* **TASK PROMPT**
Please output exactly the lines from the one that holds "добавить раздавленный чеснок." through the final line of the data, and nothing else; leave out any pictures.

* **DATA SUPPLIED**
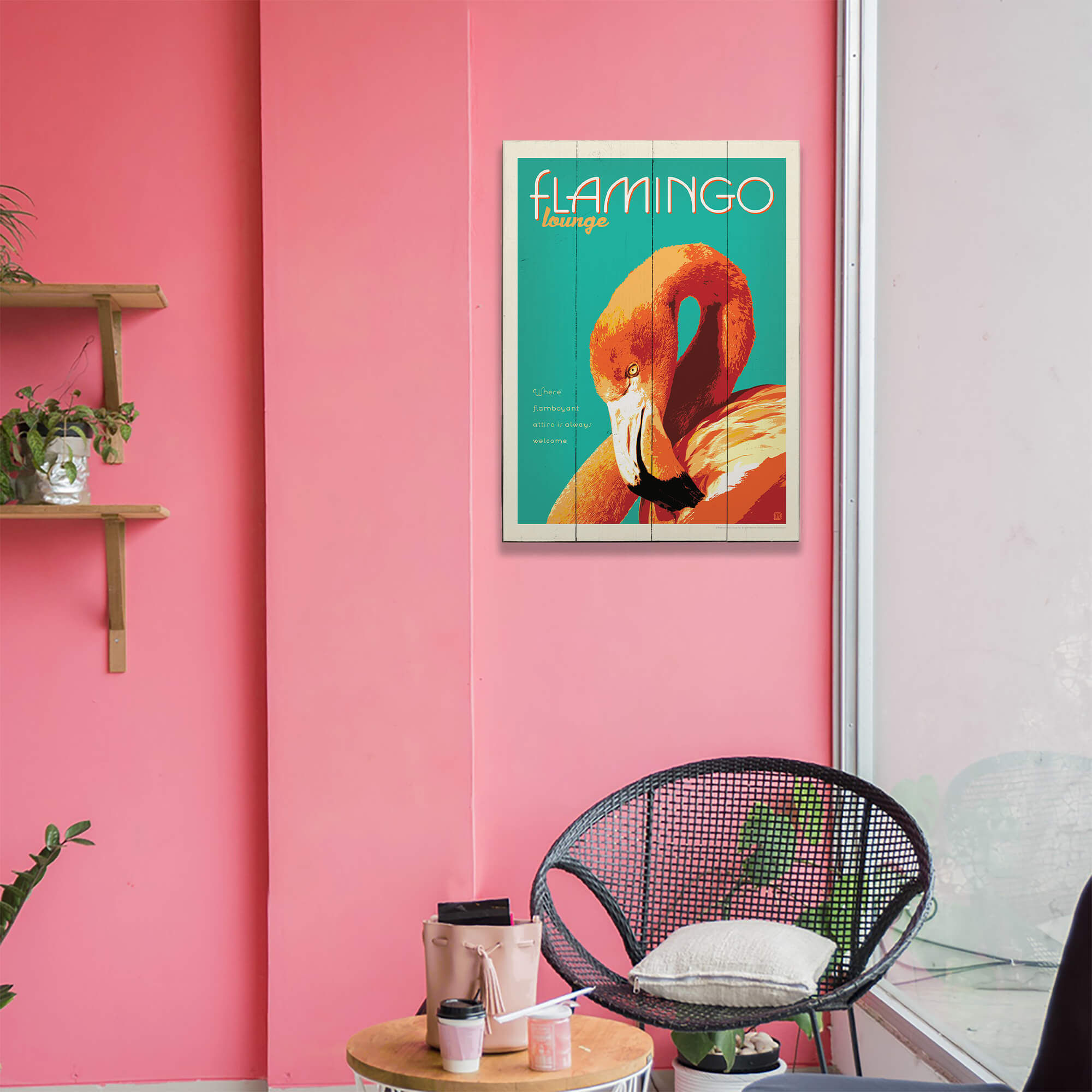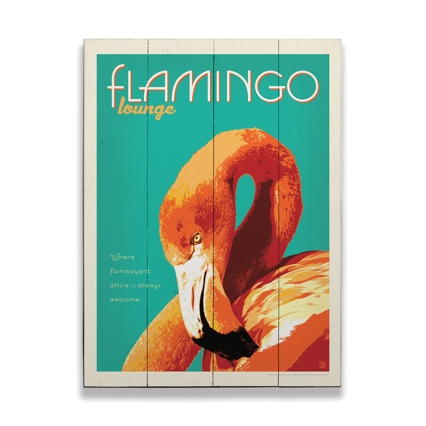 A vibrant, retro-inspired design, this artwork features a striking flamingo rendered in bold coral and warm orange tones against a refreshing teal background. Playful typography and mid-century lounge styling give the piece a laid-back, cocktail-hour vibe, while the captivating pose and rich color palette add personality and flair. Perfect for tiki bars, beach houses, patios, kitchens, or poolside spaces, this flamingo artwork brings a touch of tropical charm and carefree attitude to any room, celebrating color, character, and effortless lagoon style.
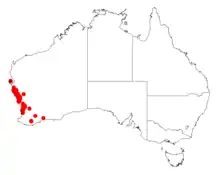It is native to an area in the Mid West, Wheatbelt and Great Southern regions of Western Australia between Northampton in the north to Lake Grace in the south where it is found on sandplains and coastal cliffs, laterite hills and granite outcrops where it grows in skeletal sandy soils.[1] It can be a part of heathland communities or in wandoo or marri woodland communities.[2]
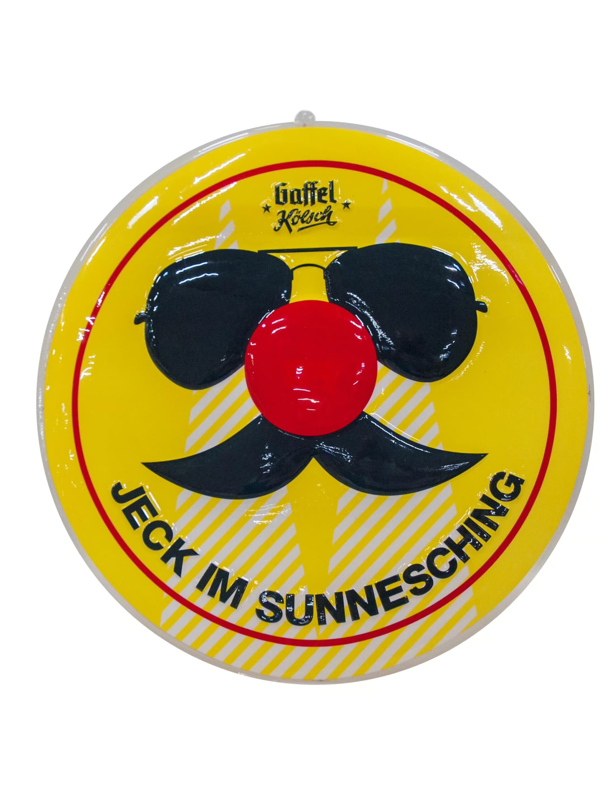 Möchtest Du eine große Jeck im Sunnesching-Karnevalsparty bei Dir im Garten veranstalten und alle Deine Freunde einladen? Dir fehlt aber noch die passende Deko? Dann halten wir neben der hübschen Wimpelkette noch einen tollen Hingucker für Dich bereit: Diese Wanddeko überzeugt sowohl durch ihr cooles Retro-Design, als auch durch den sommerlichen Jeck mit Sonnenbrille, Pappnase und Schnäuzer. Die Schriftzüge JECK IM SUNNESCHING und Gaffel Kölsch runden die fröhliche Party-Deko perfekt ab! Maße: 60 x 60 cm.
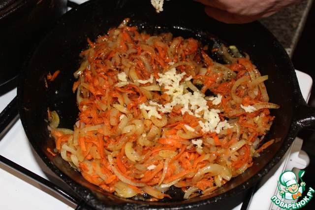 • Морковь натереть на крупной терке, лук нарезать полукольцами и обжарить с щепоткой соли на смеси сливочного и растительного масел. В конце жарки добавить раздавленный чеснок.
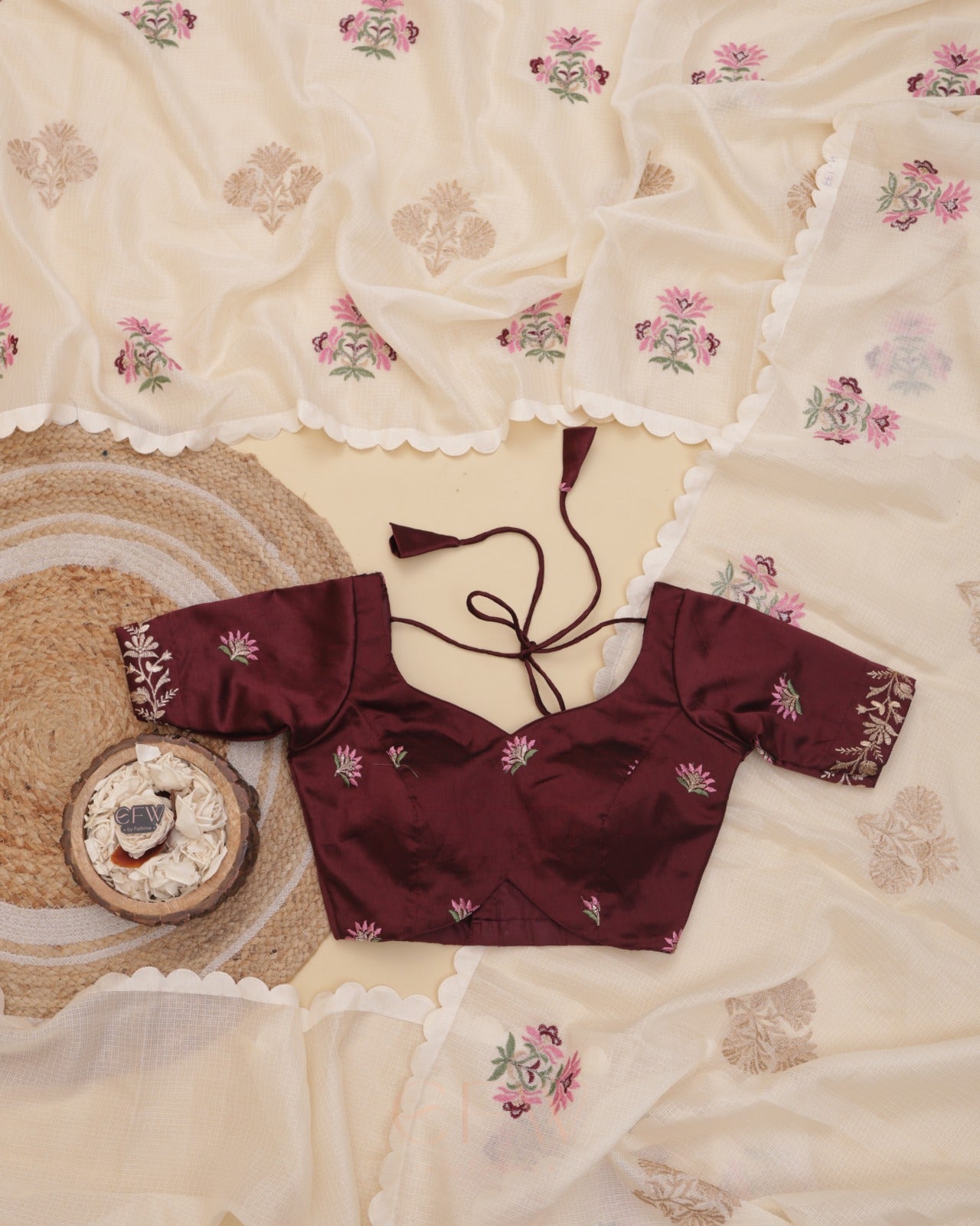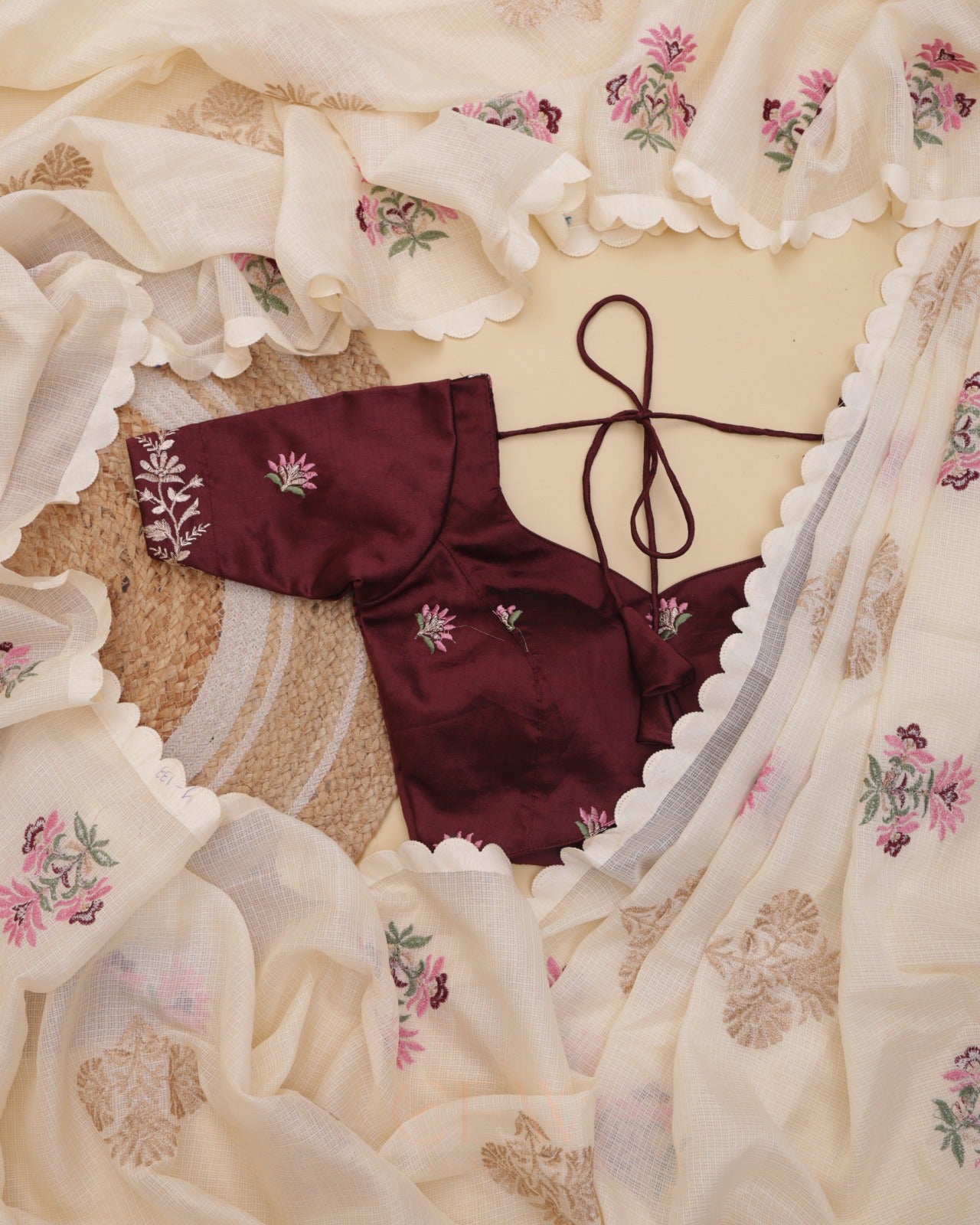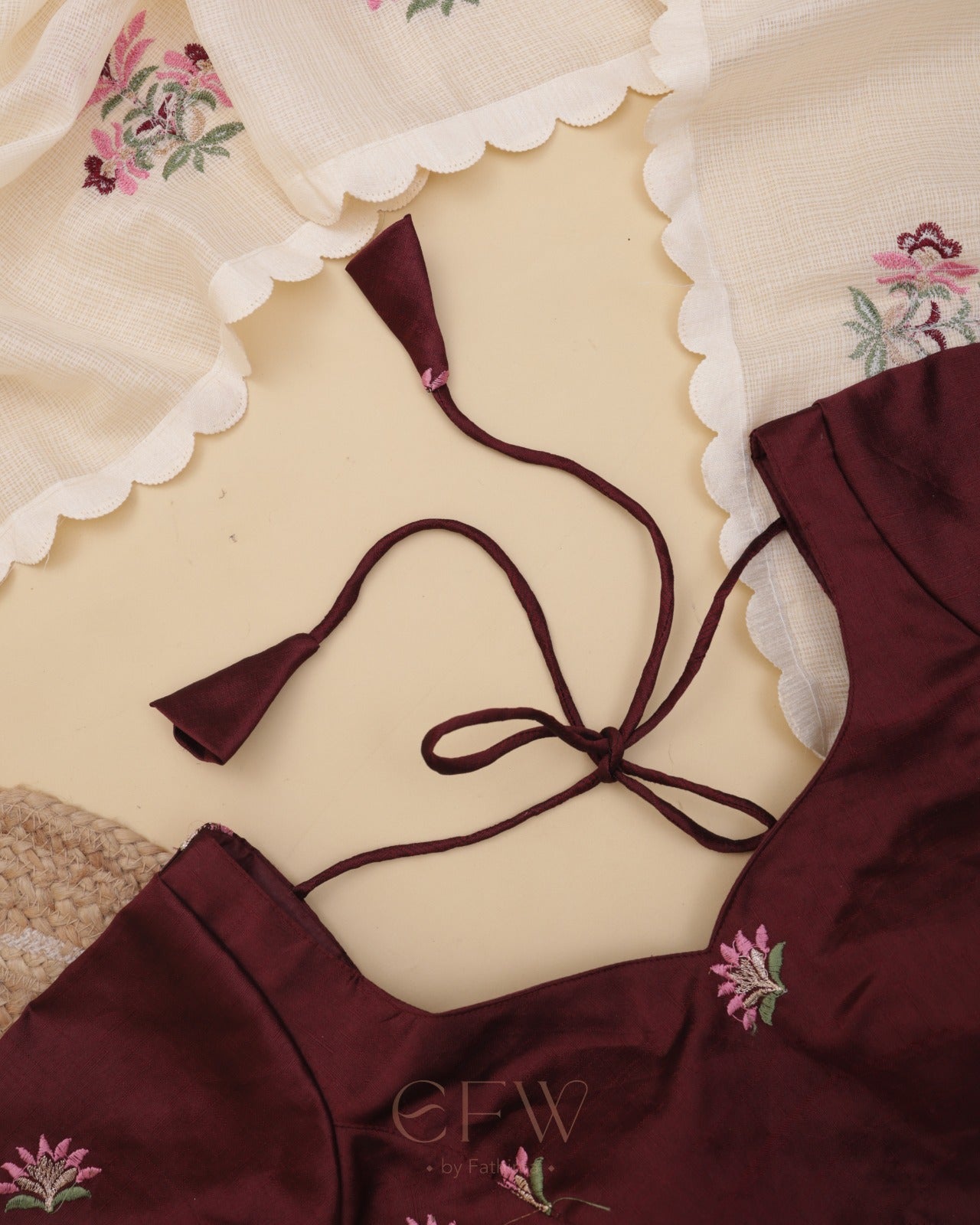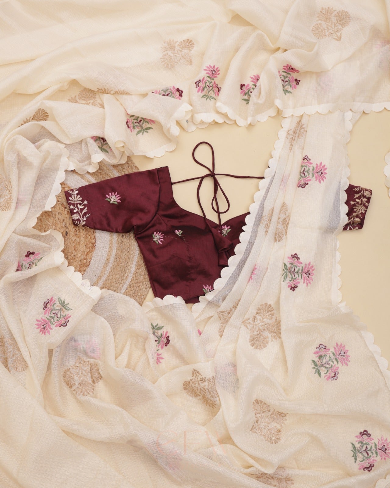 A Maroon Muse & Ivory Whispers Some days call for softness — in your words, your mood, and your drape. Soft, breathable ivory Kota saree with floral embroidery — paired with our maroon embroidered blouse featuring statement sleeves and delicate tassels. This wasn’t just an outfit. It was poetry stitched in silk and finished with love. Only very limited pieces — and we mean it this time

* **YOUR RESPONSE**
 • Морковь натереть на крупной терке, лук нарезать полукольцами и обжарить с щепоткой соли на смеси сливочного и растительного масел. В конце жарки добавить раздавленный чеснок.
 A Maroon Muse & Ivory Whispers Some days call for softness — in your words, your mood, and your drape. Soft, breathable ivory Kota saree with floral embroidery — paired with our maroon embroidered blouse featuring statement sleeves and delicate tassels. This wasn’t just an outfit. It was poetry stitched in silk and finished with love. Only very limited pieces — and we mean it this time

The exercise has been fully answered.